In previous studies, Dinda and Pand (2014) reported a 1.5-fold increase in the bioavailability of LCDP nanosuspension compared to the commercial tablets, Geng et al. (2014) reported a 1.56-fold increase in the bioavailability of LCDP oral solid dispersion compared to the commercial oral tablets, Gannu et al. (2010) presented a 3.5-fold improvement in the bioavailability of LCDP after transdermal application of LCDP microemulsion gel in comparison to oral LCDP suspension and ElKasabgy et al. (2014) stated a five-fold increase in the bioavailability of LCDP from enteric coated capsules filled with lipotomes compared to the commercial oral tablets.
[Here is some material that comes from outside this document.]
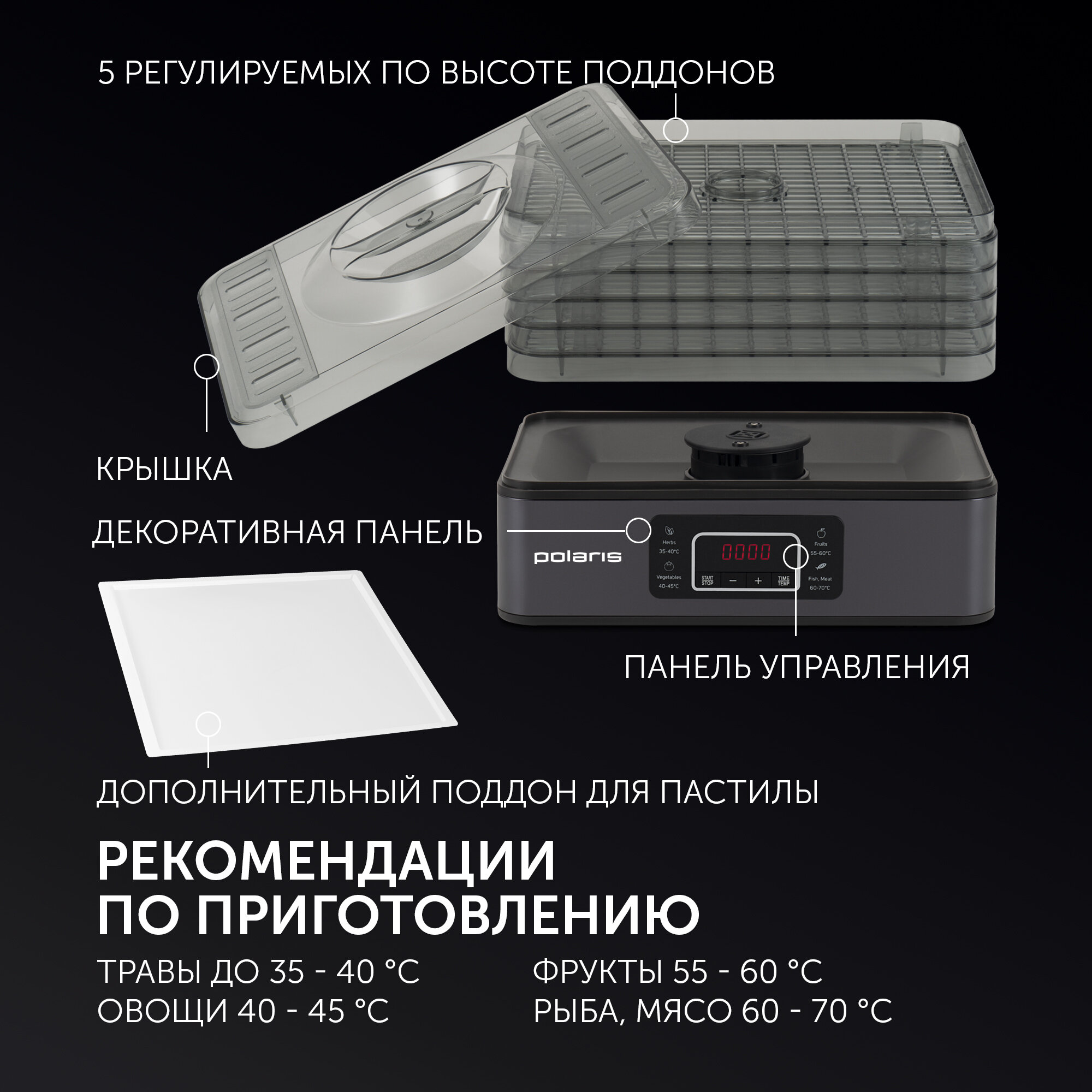 Сушилка для овощей и фруктов Polaris PFD 2108PV, черный, 6 поддонов

Based on the abovementioned results, it could be concluded that the significantly enhanced absorption and bioavailability of LCDP polymeric micelles, with a 6.85 fold increase in bioavailability than that obtained after administration of LCDP oral suspension, with higher C_max and shortened t_max, could be due to the solubilizing effect of the polymeric micelles and the inhibition of the P-gp efflux by the Pluronic micelles which enhances the drug permeability and absorption to systemic circulation (Abdelbary and Makhlouf, 2014). In addition, the enhancement in extent of LCDP absorption may lead to reduction in the effect of CYP3A-mediated hepatic first pass metabolism by offering a higher fraction of the drug to pass to the systemic circulation leading to increased bioavailability.
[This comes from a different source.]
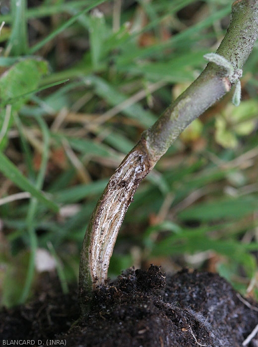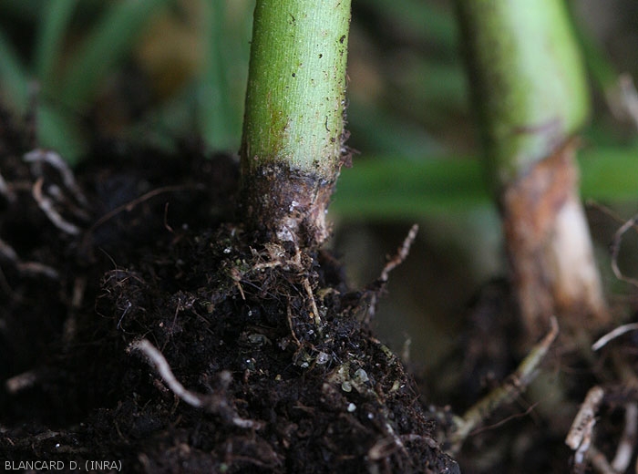 Deux taches elliptiques et contigües sont visibles sur cette tige de baselle.    <i>Rhizoctonia solani</i>  (Rhizoctone foliaire - web-blight)

These results suggest that promising polymeric micelles based LCDP dosage forms could be formulated with reduced therapeutic dose due to the enhanced LCDP bioavailability.

Conclusions

Thin film hydration technique was successfully applied for the preparation of LCDP polymeric micelles with high EE% and small and uniform PS. Statistical analysis of the 3² CCFD revealed that the quadratic model was the one of choice for EE%, PS and PDI. Model analysis showed that the Pluronic to drug ratio and P123 percentage had a significant effect on EE% and PS, while the PDI was significantly affected only by Pluronic to drug ratio. Optimal LCDP polymeric micelles formula with desirability 0.959 was chosen and evaluated. It had EE% of 99.23%, PS of 21.08 nm, and PDI of 0.11. The saturation solubility of the lyophilized LCDP polymeric micelles was approximately 450 times that of raw LCDP in both water and 0.1 M HCl. In addition, lyophilized LCDP polymeric micelles exhibited improved dissolution rate and extent in comparison to raw LCDP, showing complete dissolution after 30 min. The in vivo evaluation, in six male healthy albino rabbits, of optimum LCDP polymeric micelles formula revealed a 6.85-fold increase in bioavailability than that obtained after the administration of LCDP oral suspension. So it could be concluded that a promising polymeric micelles based LCDP dosage forms could be formulated and can provide an effective management of hypertension.

Acknowledgements

The authors would like to acknowledge the liberal help of Prof. Dr. Ahmed Hassen Elshafeey and the help of Genuine Research Center (GRC), Cairo, Egypt, in the in vivo bioavailability study and the LC/MS/MS analysis of the plasma samples.

Disclosure statement

No potential conflict of interest was reported by the authors.